Auch mit der von dir genannten Version passiert das Gleiche. Bei meiner Suche nach ner Lösung ist mir auch schon aufgefallen, dass es bei manchen einfach geht, bei anderen aber überhaupt nicht.
Seltsam ist auch, dass einige berichtet haben, dass es funktioniert, wenn man Windows 7 neu aufsetzt und Alkohol installiert, bevor man die ersten Updates zieht.

Na ja, wenn das so weiter geht werde ich wirklich mal dem Support kontaktieren.


----------



## Mavericklp (16. November 2010)

Anosnten bietet Nero ab Version 7 (glaube ich) eine Möglichkeit Image Dateien zu lesen.
Diese Funktion ist jedoch etwas versteckt. Unter: 
Start -> Programme -> Nero -> Zusatztools -> ImageDrive

Da irgend wo müsste das liegen. Ich kann leider nicht nachsehen. Hab das auf diesem Computer nicht installiert.

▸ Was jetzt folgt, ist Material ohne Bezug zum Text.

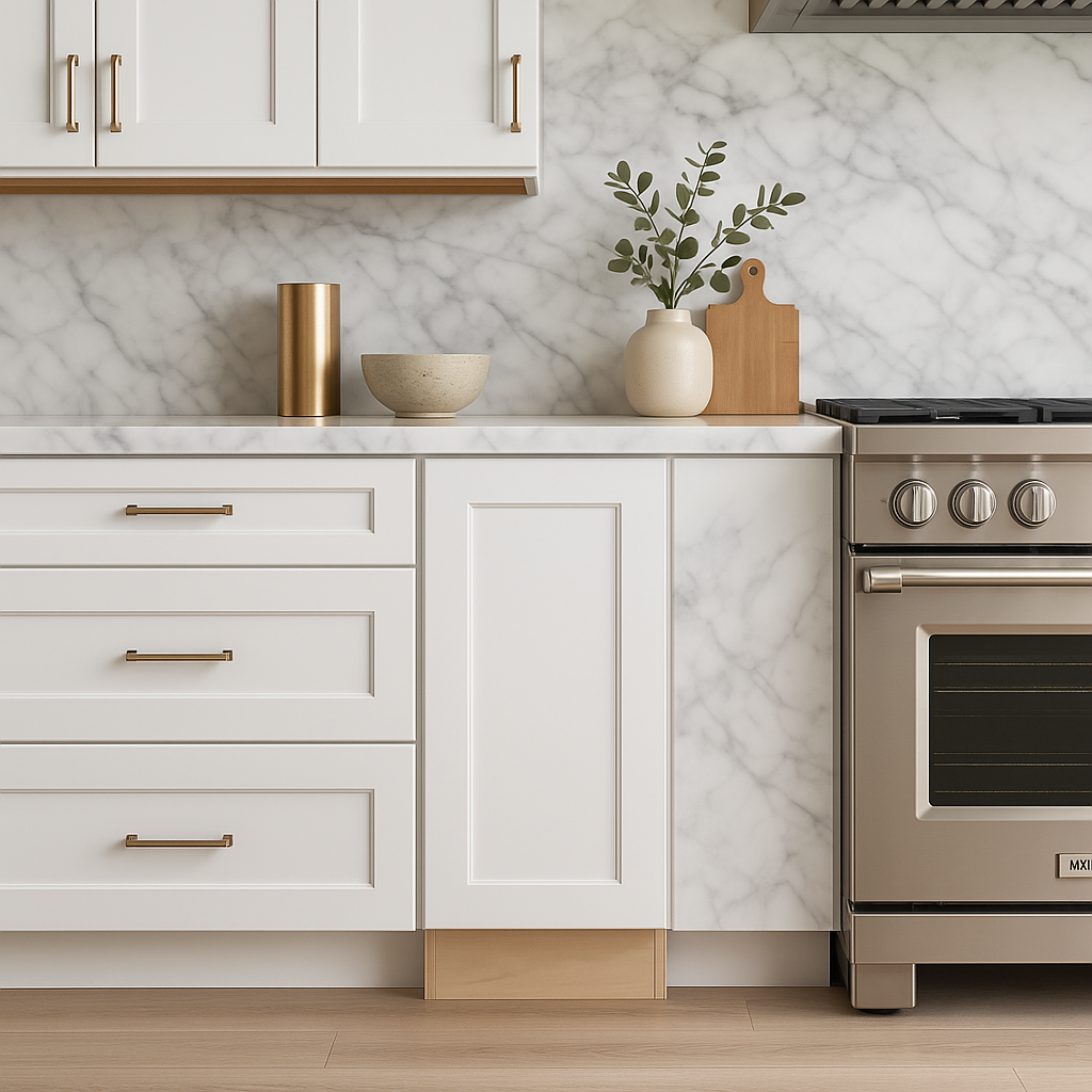 - Stylish Design: Shaker-inspired doors with 3-inch frames create a bold and timeless look.

Mit Deamentools und Alcohol habe ich permanent BlueScreens bekommen unter Win XP. Weil irgend ein Treiber nicht ordentlich lief.


----------



## huwi (7. Januar 2011)

Moin,

kann es vielleicht sein das dieser SPDT Treiber veraltet ist ? 
Suche ihn in der Regestrierung und Datei-mäßig und lösche ihn richtig.
Dann versuche mal den SPDT Treiber einzeln zu besorgen; und nicht im Bundle mit Alcohol und Deamon Tools.

Leider muss ich auch sagen, das ich ein Win7 64 bit (bis vor 2 Wochen) installiert hatte und Deamon Tools seit der (problemlosen) Installation super lief.

Ansonsten versuch wirklich mal dein Windows neu aufzusetzen.

Gruß
Huwi


----------



## Matze (11. Januar 2011)

Matze hat gesagt.:


> ...selbst die manuelle Installation des Treibers in der aktuellsten Version (1.74 denke ich) schafft keine Abhilfe.


 
Ich habe schon eine ganze Menge an Versionen ausprobiert.
Es gibt sogar ein extra Tool zum löschen, welches ich genauso wie die manuelle löschung versucht habe.
Mein Rechner ist auch frisch aufgesetzt.

Ich habe das Problem nicht weiter verfolgt. Wenn ich irgendeines dieser Programme dennoch benötige werde ich mich an den Support wenden und die Antworten hier posten.


----------